Ela ponderou que o conteúdo estava desatualizado em relação ao que pesquisas científicas dizem a respeito do tema, assim como às mudanças legislativas desde então, mas argumentou que o livreto deve existir como um documento que registra as discussões que ocorriam naquele momento da história.
Liberdade religiosa
De acordo com informações do ACI Digital, cerca de dois terços da população do país pertencem à Igreja Evangélica Luterana da Finlândia, uma das duas igrejas nacionais do país, ao lado da Igreja Ortodoxa Finlandesa.
A deputada de 62 anos possui longa carreira política, já foi presidente do partido Democrata-Cristão de 2004 a 2015, ministra do Interior entre 2011 e 2015, e é membro da Igreja Luterana Finlandesa. O Conselho Luterano Internacional descreveu a decisão de processar Räsänen e Pohjola como “escandalosa”.
A entidade pontuou que “a grande maioria dos cristãos em todas as nações, incluindo católicos e ortodoxos orientais, compartilham essas convicções”, e questionou: “O Procurador-Geral finlandês condenaria a todos nós?
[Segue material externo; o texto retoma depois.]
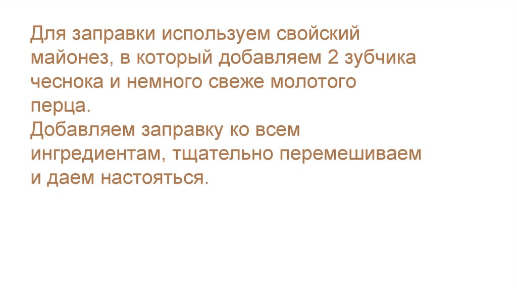 Для заправки используем свойскиймайонез, в который добавляем 2 зубчика
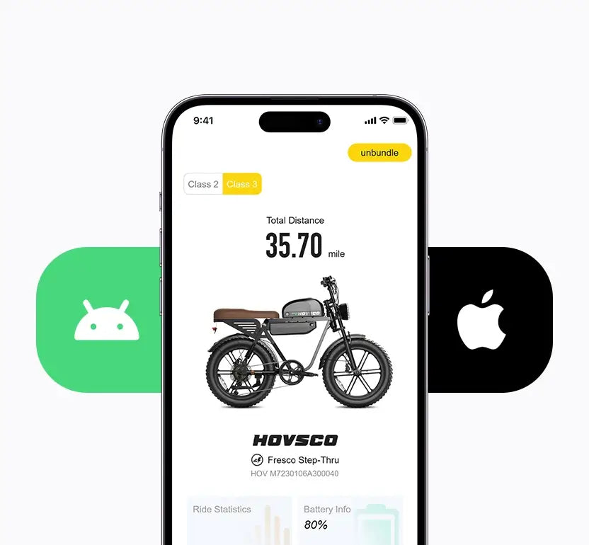 Stay connected with the HovGtrs mobile app, available on iOS and Android, to track speed, battery life, mileage, and more. With advanced safety features including 180mm hydraulic disc brakes, front and rear lights, and turn signals, you can ride confidently day or night.

Além disso, o Estado finlandês deve arriscar sanções governamentais de outros Estados com base no abuso dos direitos humanos fundamentais?”.
Paul Coleman, diretor executivo da ADF International, avaliou que uma condenação contra a deputada e a bispa “estabeleceria um novo padrão europeu para os padrões de liberdade de expressão”, mais restritivo e dissonante do resto da sociedade ocidental.
Casos semelhantes “realmente poderiam acontecer em qualquer outro lugar” por causa das leis de discurso de ódio em todo o continente, disse ele.
As alegações finais do processo contra a deputada Räsänen e o bispo Pohjola estão marcadas para uma audiência agendada para o dia 14 de fevereiro.